GFL Environmental Inc.’s lawyer, Stephen Roberts, boldly asked Wheatland County to dismiss remedial orders against GFL and cancel the review meeting held in council chambers on Aug. 20.
Roberts justified his request by maintaining that GFL was confused by the court ruling delivered on Aug. 9 at the Court of Queen’s Bench in Calgary by Master Justice L. Bernette Ho. He also said they hadn’t received a written copy of the ruling.
Justice Ho delivered an oral judgment on Aug. 9; however, Justice Ho went on holidays before she could review and sign off on the transcription of that ruling. She is back from holidays in September.
“We need some clarity provided by Justice Ho with respect to those issues, and in respect to the issues of this review application, which still exists,” stated Roberts. “It is on a court file, and it will still proceed eventually, as soon as possible we hope. We need her advice and directions as to what we should do next, as we apparently are not able to agree.”
The ruling upheld the stop order issued by Wheatland County and denied GFL rights to pursue a judicial review with the subdivision development appeal board. In a separate ruling, Justice Ho stayed Wheatland County access to the facility and access to GFL documents, stating they should have inspected the facility before the stop order.

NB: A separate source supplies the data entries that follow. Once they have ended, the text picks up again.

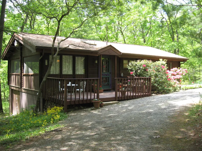 Hansel and Gretel cottage on 5 ac made of solid cedar logs that beckons you for a weekend escape! Custom front door, dutch doors, artsy finishes and cradled by flowering plants this unique cabin is a one of a kind! Fairytale spot comes w/ garage built for crafty woodworking-220V w/ 20 outlets. Open floor plan w/2 BR & office/3rd bedroom. Dayroom is an open palettte surrounded in sunlight. Must SEE!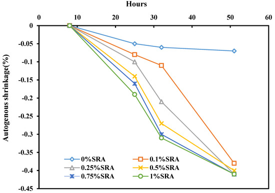 Percentage decrease in autogenous shrinkage with different percentages of SRA [156].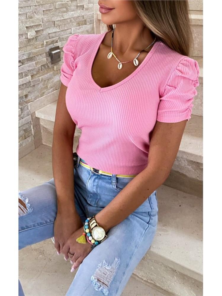 2025 Весна Лето Женская футболка V-образный вырез Нитка Повседневная мода Однотонный пуловер Рукав-фонарик Короткий рукав Женская футболка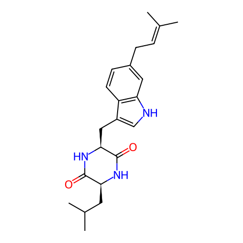 | SMILES | CC(C)C[C@H]1C(=O)N[C@H](C(=O)N1)CC2=CNC3=C2C=CC(=C3)CC=C(C)C |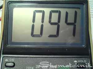 Так как у перехода эмиттера прямое сопротивление больше чем у перехода коллектора (728 > 725 в нашем случае) то вывод коллектора слева, а эммитера справа. Для достоверности проверим его на спец. разъеме для определения коэффициента передачи. Индикатор показавает 94 рис. 8 значит выводы мы определили правильно рис. 9.

There was no mention if Wheatland County advised Justice Ho that access to the facility was repeatedly denied, or if the county will appeal for access to assess and clean up the site.
Wheatland County also asked GFL to provide the county with a series of reports: progress reports on removal and processing of legacy piles, monitoring results of the leachate pond, control and development of an air monitoring program, implementation of an odour contingency response plan, operational reports, and ground water and odour management reports.
Roberts downplayed those types of requests from Wheatland County, stating they filed relevant reports with Alberta Environment.
On legal advice, county council agreed the review should continue.
Roberts presented a memory lane summary of interactions between GFL, Neighbours Against Pollution (NAP) and Wheatland County over the last eight years, referencing various interactional documents exchanged by the parties and Alberta Environment.
“While they were not able to meet all the requests from NAP, they were dedicated to maintaining a positive relationship with Wheatland County and its residents,” said Roberts.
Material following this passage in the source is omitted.